Following our Initial Public Offering (including the partial exercise of the over-allotment option), and Private Placement, a total of $275,100,000 was placed in the Trust Account. We incurred $15,636,971 in transaction costs, including $5,502,00 of underwriting commissions, $9,628,500 of deferred underwriting commissions and $506,471 of other costs.
On September 26, 2023, the Company issued an unsecured promissory note (the “Note”) in the principal amount of up to $750,000 to the Sponsor, which may be drawn down from time to time prior to the Maturity Date (defined below) upon request by the Company. The Note does not bear interest and the principal balance will be payable on the date on which the Company consummates its initial business combination (such date, the “Maturity Date”). There was no balance outstanding as of September 30, 2023.
For the nine months ended September 30, 2023, cash used in operating activities was $1,822,474. Net income of $2,102,662 was affected by interest income from the trust of $3,592,629 and change in fair value of derivative warrant liabilities of $742,490 and changes in operating assets and liabilities, which provided 409,983 of cash from operating activities.
For the nine months ended September 30, 2022, cash used in operating activities was $523,286. Net income of $9,328,583 was affected by interest income on trust of $1,550,032 and changes in fair value of warrant liability of $9,215,530. Changes in operating assets and liabilities provided $913,693 of cash for operating activities.
As of September 30, 2023, we had cash and marketable securities held in the Trust Account of $11,361,021. We intend to use substantially all of the funds held in the Trust Account, including any amounts representing interest earned on the Trust Account (less deferred underwriting commissions and income taxes payable), to complete our initial Business Combination. To the extent that our capital stock or debt is used, in whole or in part, as consideration to complete our initial Business Combination, the remaining proceeds held in the Trust Account will be used as working capital to finance the operations of the target business or businesses, make other acquisitions and pursue our growth strategies.
As of September 30, 2023, we had cash held outside of the Trust Account of $14,422. We intend to use the funds held outside of the Trust Account primarily to identify and evaluate target businesses, perform business due diligence on prospective target businesses, travel to and from the offices, plants or similar locations of prospective target businesses or their representatives or owners, review corporate documents and material agreements of prospective target businesses, and structure, negotiate and complete a Business Combination.
In order to fund working capital deficiencies or finance transaction costs in connection with a Business Combination, the Sponsor or an affiliate of the Sponsor, or certain of our officers and directors will loan us funds as may be required (“Working Capital Loans”). If we complete our Business Combination, we expect to repay any Working Capital Loans out of the proceeds of the Trust Account released to us. Otherwise, the Working Capital Loans may be repaid only out of funds held outside the Trust Account. Up to $1,500,000 of Working Capital Loans may be convertible into warrants at a price of $1.00 per warrant at the option of the lender. The warrants would be identical to the private placement warrants, including as to exercise price, exercisability and exercise period. The terms of the Working Capital Loans have not been determined and no written agreements exist with respect to such Working Capital Loans. As of September 30, 2023, there were no amounts outstanding under any Working Capital Loans.
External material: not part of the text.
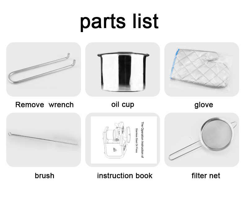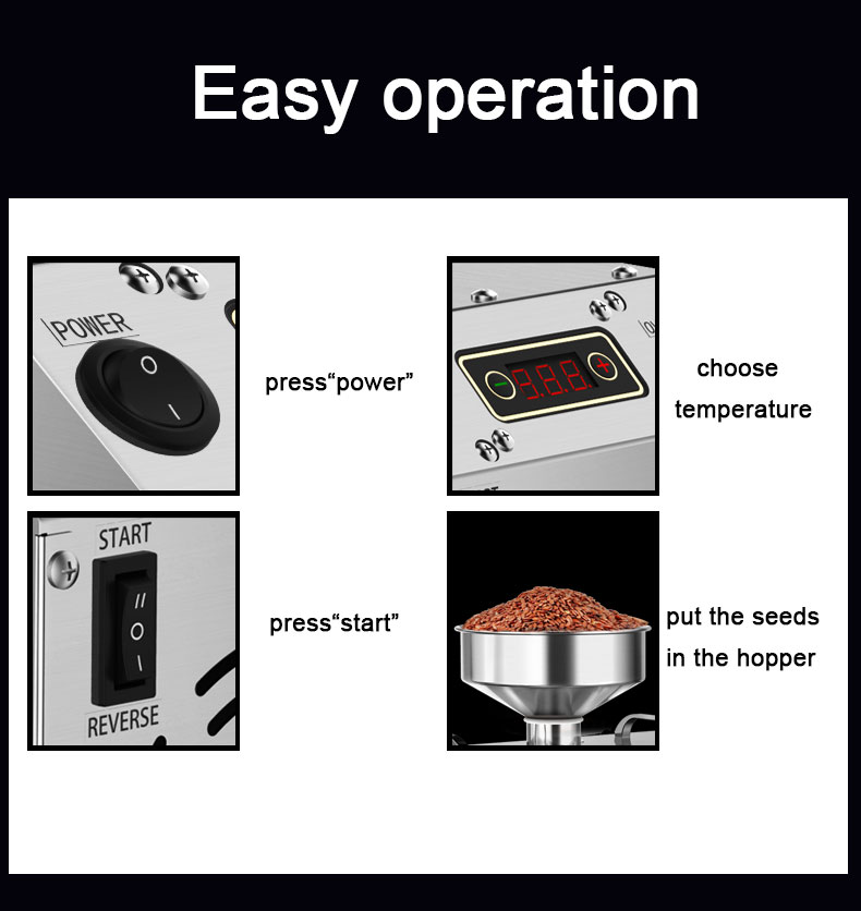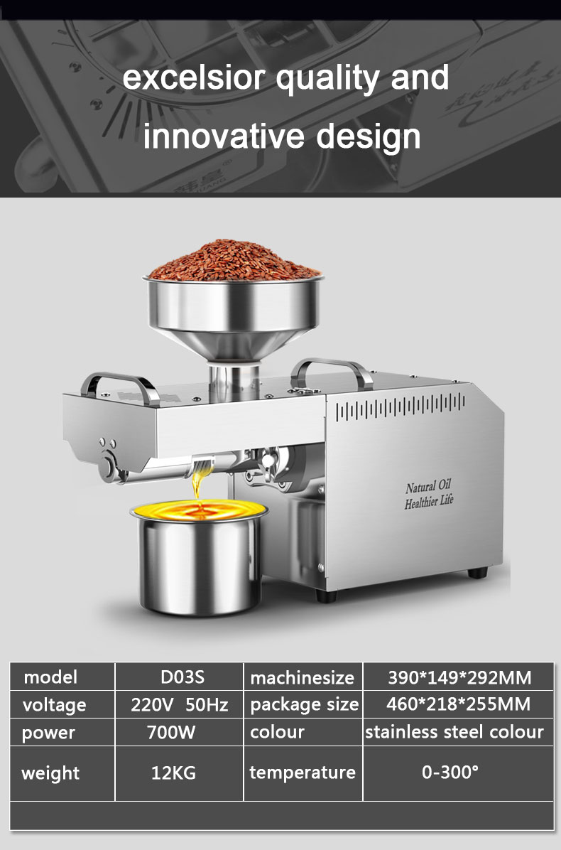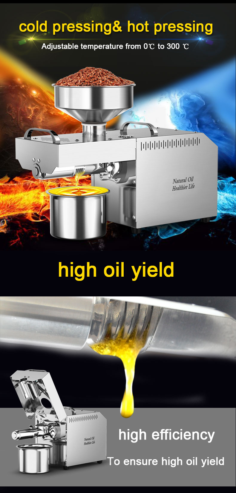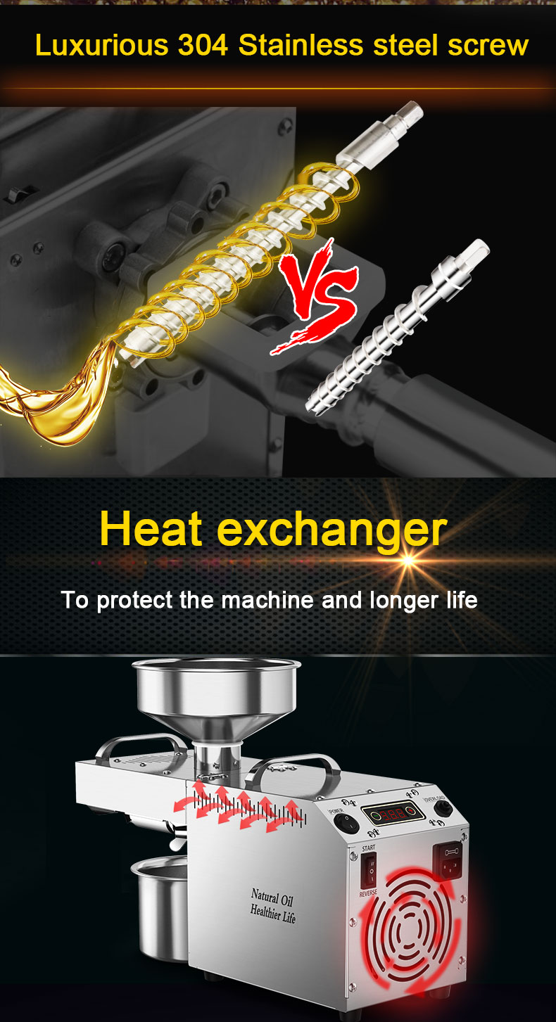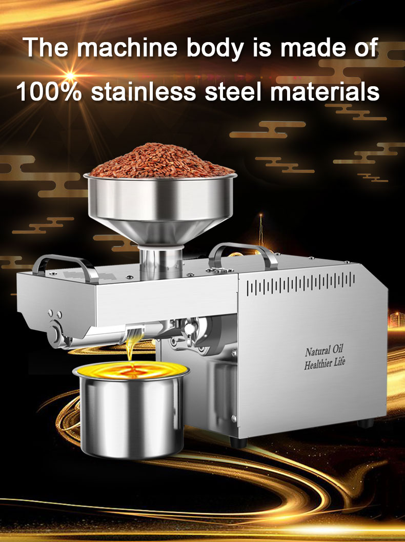 The oil press machine is constructed from high-quality stainless steel, making it durable, easy to clean, and resistant to corrosion.

We do not believe we will need to raise additional funds in order to meet the expenditures required for operating our business. However, if our estimates of the costs of identifying a target business, undertaking in-depth due diligence and negotiating an initial Business Combination are less than the actual amount necessary to do so, we may have insufficient funds available to operate our business prior to our initial Business Combination. Moreover, we may need to obtain additional financing either to complete our initial Business Combination or because we become obligated to redeem a significant number of our public shares upon consummation of our initial Business Combination, in which case we may issue additional securities or incur debt in connection with such Business Combination.
In connection with the Company’s assessment of going concern considerations in accordance with Financial Accounting Standards Board (“FASB”) Accounting Standards Codification (“ASC”) Topic 205-40, “Presentation of Financial Statements-Going Concern,” management has evaluated the Company’s liquidity and financial condition and determined that it may not be sufficient to meet the Company’s obligation over the period of twelve months from the issuance date of the financial statements. The Company’s Sponsor has agreed to provide support to enable the Company to continue its operations and meet its potential obligations over a period of one year from the issuance date of these financial statements. Management believes current working capital, and the support from its Sponsor, provides sufficient capital to sustain operations for a reasonable period of time, which is considered to be one year from the issuance date of those financial statements and therefore substantial doubt has been alleviated.